* **Try it**
Using the records below, count the lines with "their" in them. Give the number only.

[Records supplied]

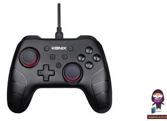
KONIX 3879 Gaming Controller Black USB Gamepad
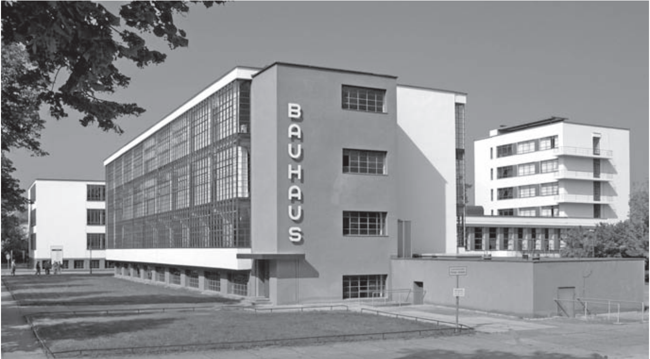
Bauhaus Building, south-west view, 2006

Every generation faces the issue of choosing which of the preceding generations' material goods and spiritual values, that is which parts of their cultural heritage it keeps and conserves.
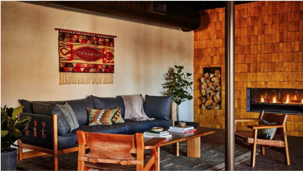
The welcoming hotel lobby.

It's all about laidback southwestern charm here. Guests are greeted with a welcoming Topo Chico sparkling water in the lobby which has all the hallmarks of a superbly done renovation that would appeal to any design fan. Think: warm curved woods, a yellow-tiled fireplace, a comfy couch under a beautiful vintage tapestry and a record player with Willie Nelson on the turntable. The interior designers took inspiration from the American West with fresh takes on classic 'old west' landscapes. And the neon sign and playful touches such as framed scenes from the past pays tribute to the retro motels of the mid-century days of Route 66.
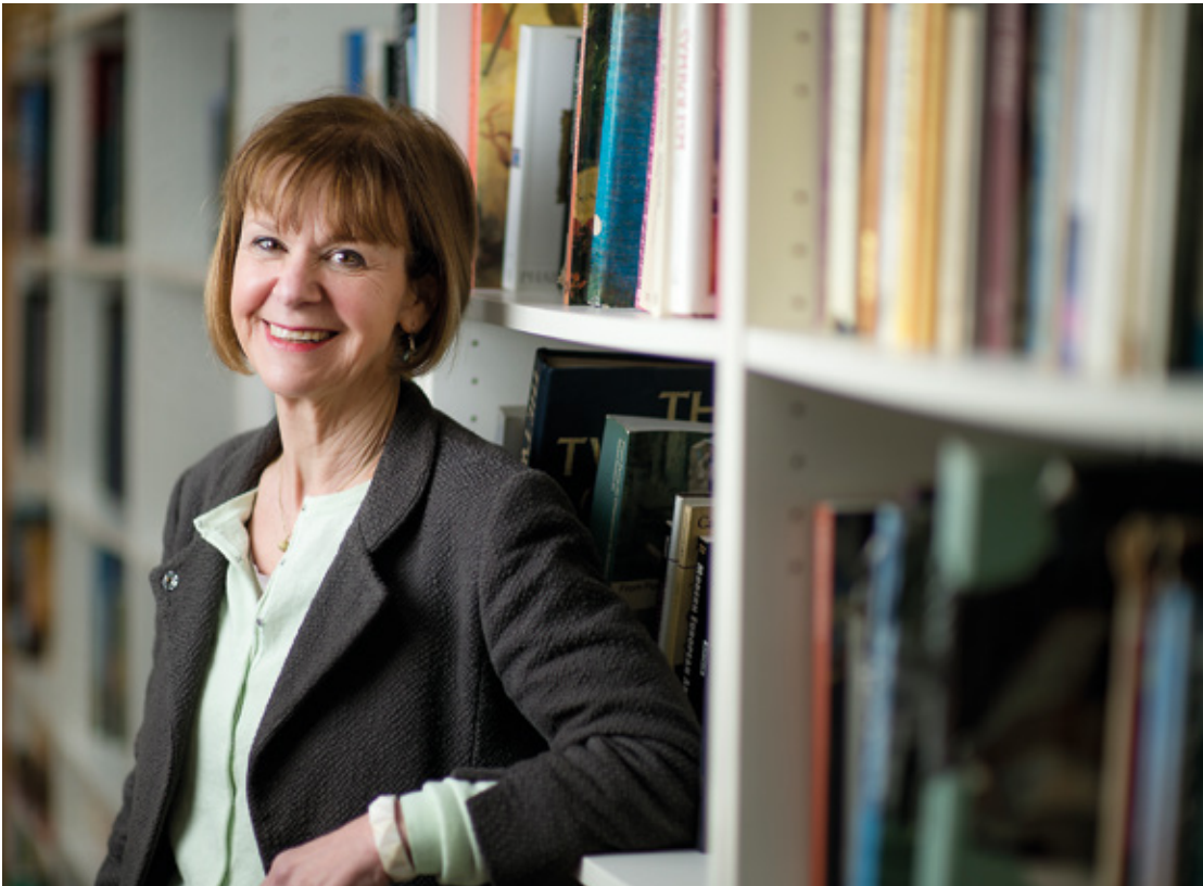
Candida Cave, Principal Fine Arts College

Visit London Art Galleries and European cities.
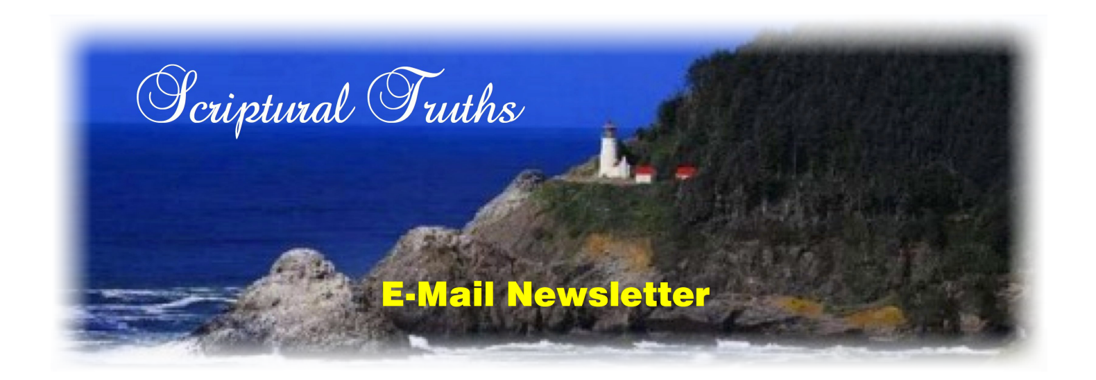
The Lord May Come ... Perhaps Today ... Behold, I Come Quickly ... Rev. 22:7
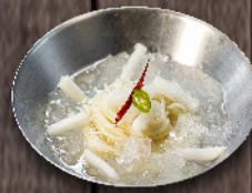
Dongchimi Noodle 동치미 국수 13.50
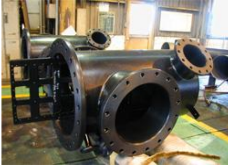
Strainer of piping for deep sea water

This type of steel pipe requires short production lead time and simultaneous treatment procedure of both external and internal linings, to ensure consistent lining characteristics.
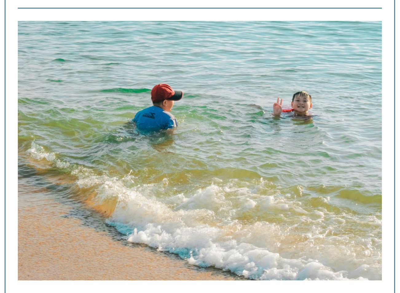
CELEBRATE SWIMMABLE CALIFORNIA DAY July 25

Join us in celebrating clean, swimmable water! Swimmable CA Day is a day recognizing your right to waters that are safe for recreation.
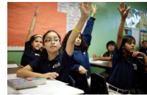
5 th graders eager to share their knowledge during math class.

To learn more about KIPP Austin, or to schedule a visit and see our amazing students and teachers in action, contact Tess Williford in the Development Department at (512) 501-3643 x204.
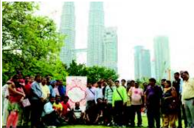
All India Chairmans Club Meet at Malaysia with Top 60 Aries Customers
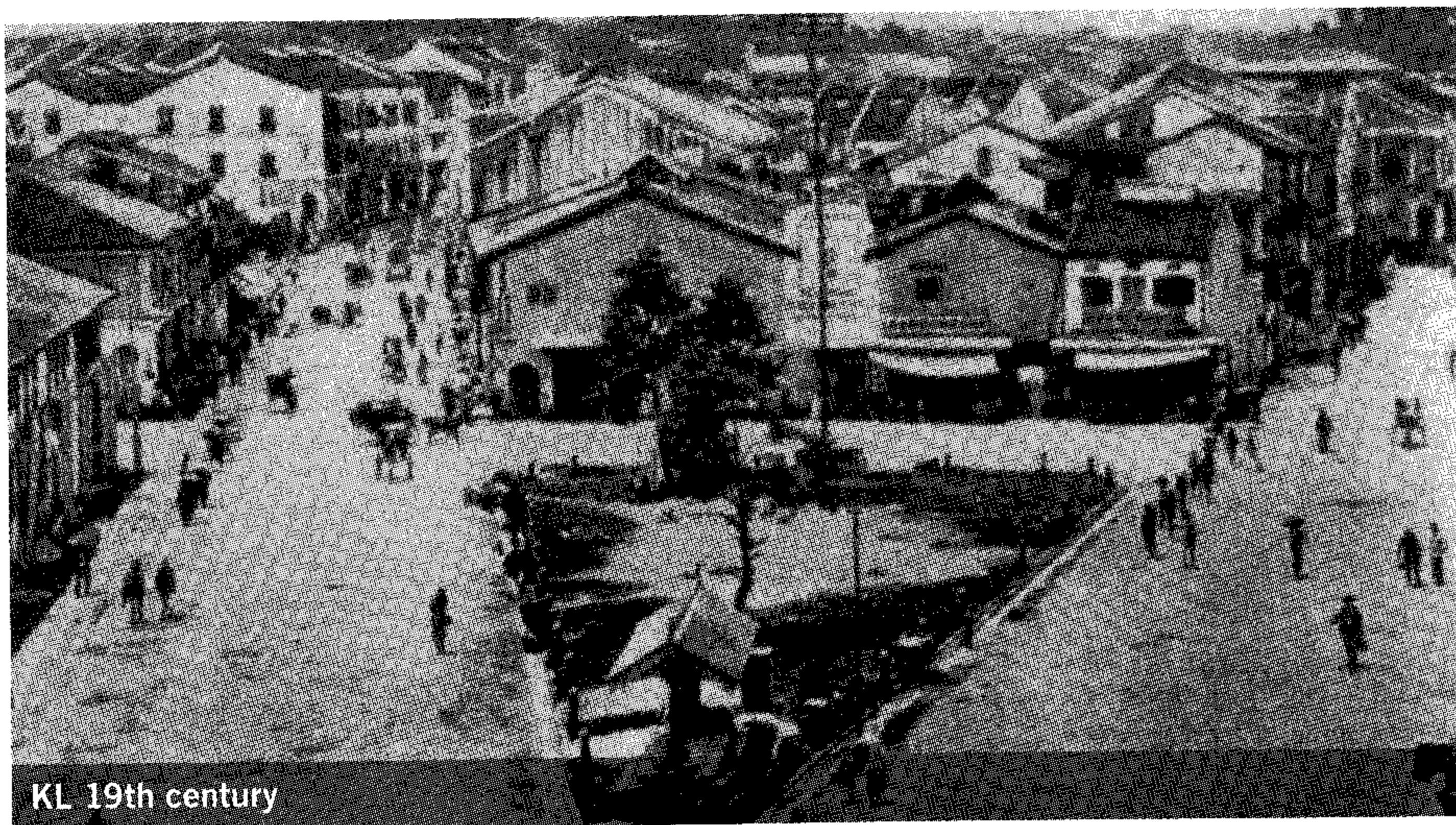
KL 19th century

Capital of the country and largest city of Malaysia, Kuala Lumpur is the urban powerhouse that declares to the world that KL is a global city, an Asian metropolis. With 150 years of existence under its belt it has much to be proud of (see box). But one of the things its distinctly proud of—even though it resides in the state of Selangor—is being one of the three Malaysian Federal Territories (the others being Putrajaya and Labuan) a status given to it in 1974. The country's legislature sits in the city, hosting both
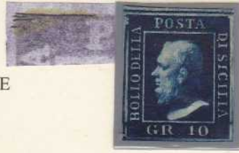
dark blue pos.4

[/Records supplied]

* **Final answer**
2